(RECORDED DATA begins)

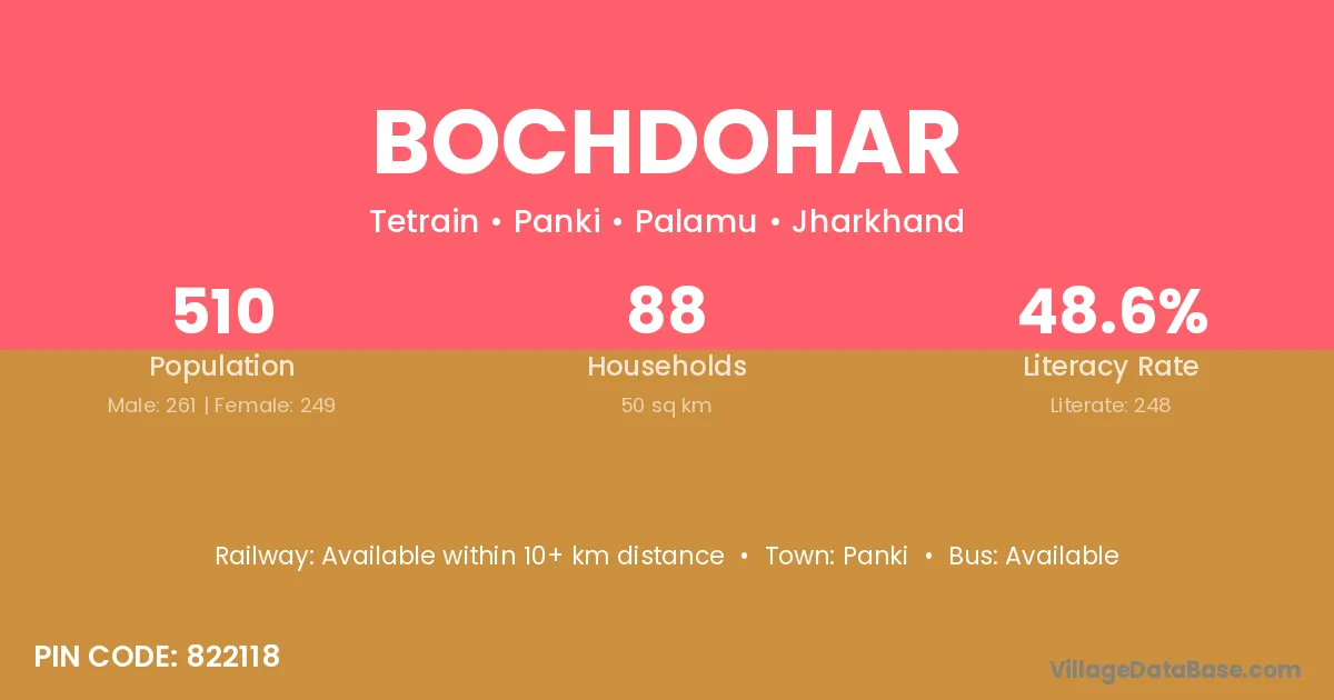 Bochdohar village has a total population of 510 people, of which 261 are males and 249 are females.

(RECORDED DATA ends)
(RECORDED DATA begins)

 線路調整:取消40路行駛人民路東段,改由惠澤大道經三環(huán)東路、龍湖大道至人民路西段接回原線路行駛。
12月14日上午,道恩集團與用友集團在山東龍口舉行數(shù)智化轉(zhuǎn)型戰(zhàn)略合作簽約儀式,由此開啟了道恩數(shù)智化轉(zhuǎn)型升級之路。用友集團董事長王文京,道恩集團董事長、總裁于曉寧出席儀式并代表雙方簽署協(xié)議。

(RECORDED DATA ends)
(RECORDED DATA begins)

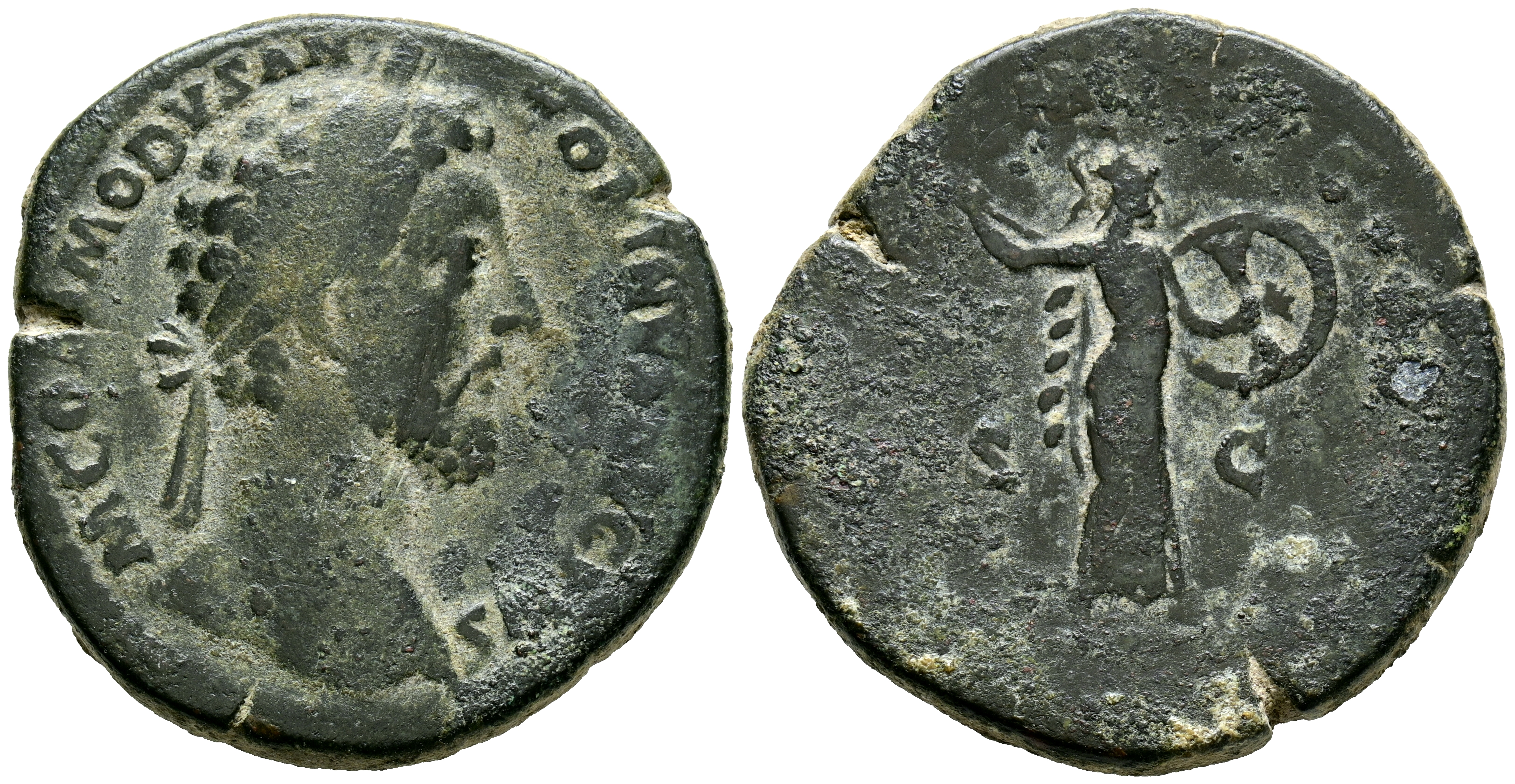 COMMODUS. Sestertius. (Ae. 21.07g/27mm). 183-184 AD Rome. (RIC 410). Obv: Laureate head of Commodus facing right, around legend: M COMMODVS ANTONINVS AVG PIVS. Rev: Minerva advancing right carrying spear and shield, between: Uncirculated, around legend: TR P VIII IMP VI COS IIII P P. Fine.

(RECORDED DATA ends)

An exact copy of the lines above between the line holding "線路調整:取消40路行駛人民" and the line holding "12月14日上午,道恩集團與", inclusive, is the whole answer.

 線路調整:取消40路行駛人民路東段,改由惠澤大道經三環(huán)東路、龍湖大道至人民路西段接回原線路行駛。
12月14日上午,道恩集團與用友集團在山東龍口舉行數(shù)智化轉(zhuǎn)型戰(zhàn)略合作簽約儀式,由此開啟了道恩數(shù)智化轉(zhuǎn)型升級之路。用友集團董事長王文京,道恩集團董事長、總裁于曉寧出席儀式并代表雙方簽署協(xié)議。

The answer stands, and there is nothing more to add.